If r in E is a root of f, then the set of r times all roots of unity are the p distinct roots of a.
However I don't know how to prove that if $E$ has a root (and therefore p distinct roots) of f, then there is also a root in F.
Here is a stand-alone proof:
Assume $f$ has no root in $F$. Let $b = \sqrt[p]{a} \in E$ be a root of $f$ (which exists by assumption).
$E/F$ is an abelian extension, hence all intermediate fields are again Galois extensions, in particular $F(b)/F$ is. We deduce that $F(b)$ contains some other root of $f$, because it is a normal extension. Any other root has the form $b\zeta$, where $\zeta$ is a $p$-th root of unity (and thus automatically primitive). We obtain $\zeta \in F(b)$, i.e. $E \subset F(b)$ and thus equality. In particular the minimal polynomial of $b$ over $F$ (which is some irreducible factor of $f$) has degree $[E:F]$.

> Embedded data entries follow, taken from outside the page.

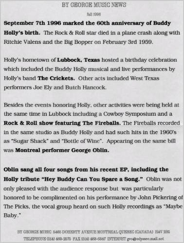 Am 7. September 1996, also an Buddy Holly's 60. Geburtstag, stellte George Oblin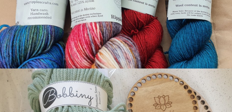 I also bought something totally new to me.  It’s a kit of thick recycled cotton yarn and some bases and a crochet hook, to make a bowl and a plant pot cover.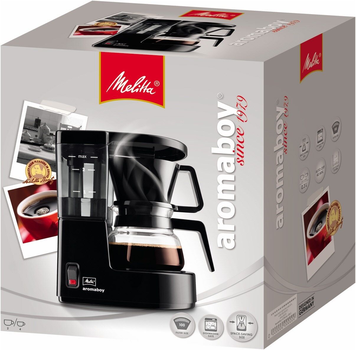 Die Retro Kaffeemaschine: Schon seit 1979 begeistert unser Aromaboy® mit großem Kaffeegenuss auf kleinstem Raum. Da die 2-Tassen Filterkaffeemaschine so kompakt ist, findet sie in wirklich jeder Küche ihren Platz. Die spülmaschinengeeigneten Komponenten ermöglichen eine leichte Reinigung.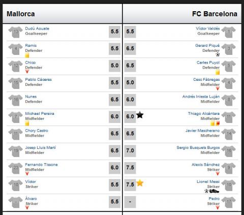 Mải mê tham gia tấn công, suýt chút nữa Los Blaugrana đã phải trả giá khi Mallorca có một pha phản công mẫu mực và người kết thúc là Alvaro nhưng bóng lại đi chệch cột dọc trong gang tấc. Tuy nhiên, đó cũng là tất cả những gì đội chủ nhà làm được. Không lâu sau pha bỏ lỡ của Alvaro, từ một quả phạt cố định, Messi thực hiện một cú sút kỹ thuật đưa bóng đi vào góc gần khung thành đem về bàn mở tỉ số cho Barca.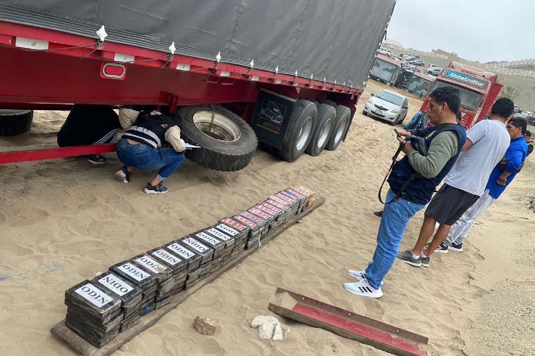 La Policía Nacional del Perú y la Segunda Fiscalía Provincial Corporativa Especializada en Tráfico Ilícito de Drogas del Callao lograron una importante intervención la madrugada de este viernes 6 de diciembre, en la que se incautaron 730 paquetes de clorhidrato de cocaína, camuflados en la estructura de la carreta de un tráiler.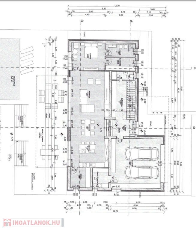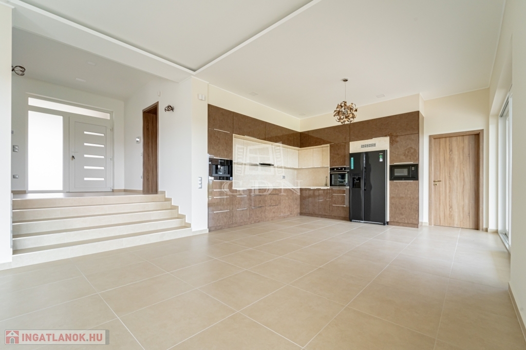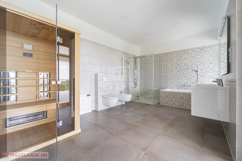 A földszint 170 nm ahol egy hatalmas egylégteres nappali-konyha-étkező, galériás előszoba, főháló gardróbszobával saját fürdő és wc-vel, háztartási helyiség, vendég wc, gépház, 2 beállásos garázs és az 50 nm-es pergolával fedett terasz találhatók. A teraszon található 3,5x6m-es MEDENCE és panorámás üveg falú FINN SZAUNA fokozza a valódi luxus érzést, ami a ház minden apró részletében megmutatkozik.
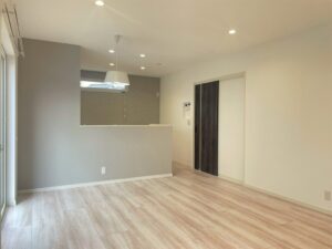 キッチンからリビングまで一直線につながるLDKは、視線が抜けることで開放感を感じられる空間となっています。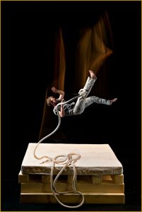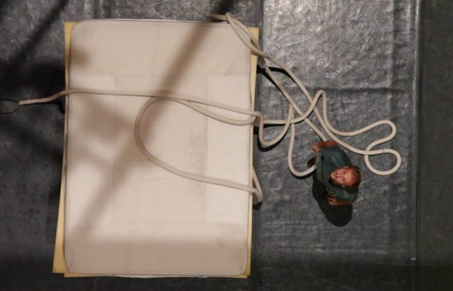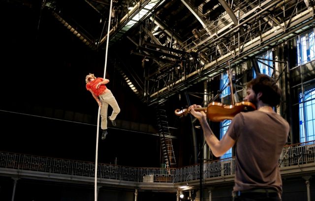 Recomendado para mayores de 12 años, ‘Le Vide’ (El vacío) nace en Châlons-en-Champagne, en el 2009, en el entrenamiento de Fragan Gehlker en el Centro Nacional de las Artes del Circo, en una disciplina con una simplicidad radical: cinco cuerdas suspendidas, y en cada una un intento de ascenso. El proyecto crece cuando se suma Alexis, técnico, sonidista y violinista, que cae en ‘El vacío’ en el año 2011.
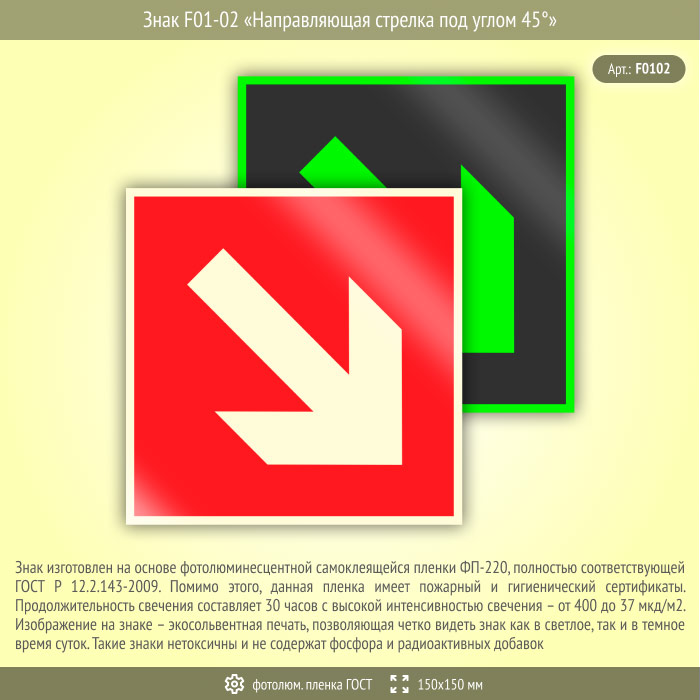 Знак F01-02 «Направляющая стрелка под углом 45°» (фотолюминесцентная пленка ГОСТ 34428-2018, 150х150 мм) в Краснодаре купить

We can do the same with every root of $f$, hence all irreducible factors of $f$ over $F$ have the same degree, namely $[E:F]$. Since those degrees add up to $p$ and $p$ is prime, we deduce that there is only one irreducible factor, i.e. $f$ is irreducible over $F$. This shows $p-1 \geq [E:F] = [F(b):F] = p$, clearly a contradiction.